Когда я наконец остановился, уже вечерело, потянуло прохладой. Сквозь ветви белела тропинка, которая, мне думалось, должна была вывести меня из лесу в город. Я пытался пробиться к ней, но, из-за листьев на меня глядело неясно белеющее лицо с все время меняющимися чертами. Я хотел объехать его, но куда бы ни повернул, оно было тут как тут. В ярости я решился наконец направить коня прямо на него, но тут оно брызнуло в глаза мне и лошади белой пеной, и, ослепленные, мы вынуждены были повернуть назад. И так оно теснило нас шаг за шагом прочь от тропы, оставляя свободным путь лишь в одном направлении. Когда же мы двинулись в ту сторону, оно следовало за нами по пятам, не причиняя, однако, ни малейшего вреда.
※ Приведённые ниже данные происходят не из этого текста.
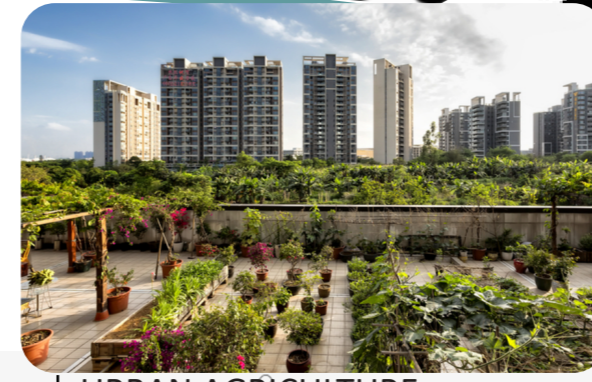
URBAN AGRICULTURE Urban gardens and implementation of green infrastructure in areas that require urban revitalization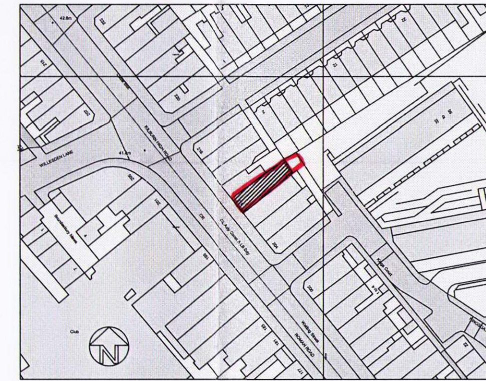
OS PLAN SCALE 1:1250

All dimensions to be verified on site by Main Contractor before the start of any shop drawings or work whatsoever either on their own behalf or that of sub-contractors. Report any discrepancies to the Contract Administrator at once. This drawing is to be read with all relevant Architect's and Engineer's drawings and other relevant information.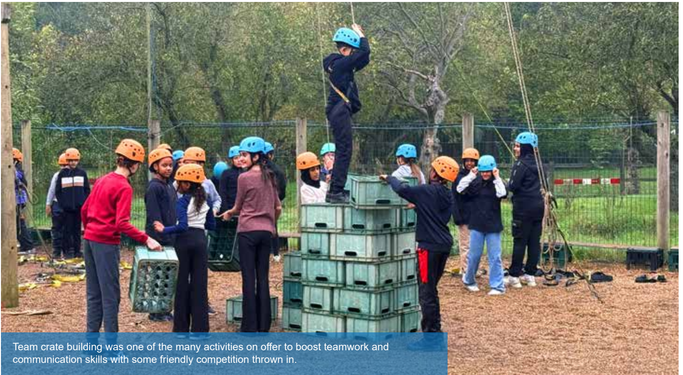
Team crate building was one of the many activities on offer to boost teamwork and communication skills with some friendly competition thrown in.

On Friday 18 th October 2024, our new Year 7 students set off for an exciting day of adventure at Longridge Activity Centre. The trip was designed to help students settle into their new year group, make new friends, and strengthen their teamwork skills through a variety of fun and challenging activities.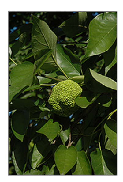
Osage Orange fruit

Когда я изредка оглядывался, я видел, что это белое струящееся лицо сидело на таком же белом гигантском туловище. Порою казалось, что это движущийся фонтан, но мне так и не удалось увериться в этом. Измученный конь и всадник уступили белому человеку, который все время кивал нам, словно хотел сказать: «Вот так! Вот так!» Понемногу мы добрались до выхода из леса, я увидел траву и озеро, и вашу хижину, а длинный белый человек исчез.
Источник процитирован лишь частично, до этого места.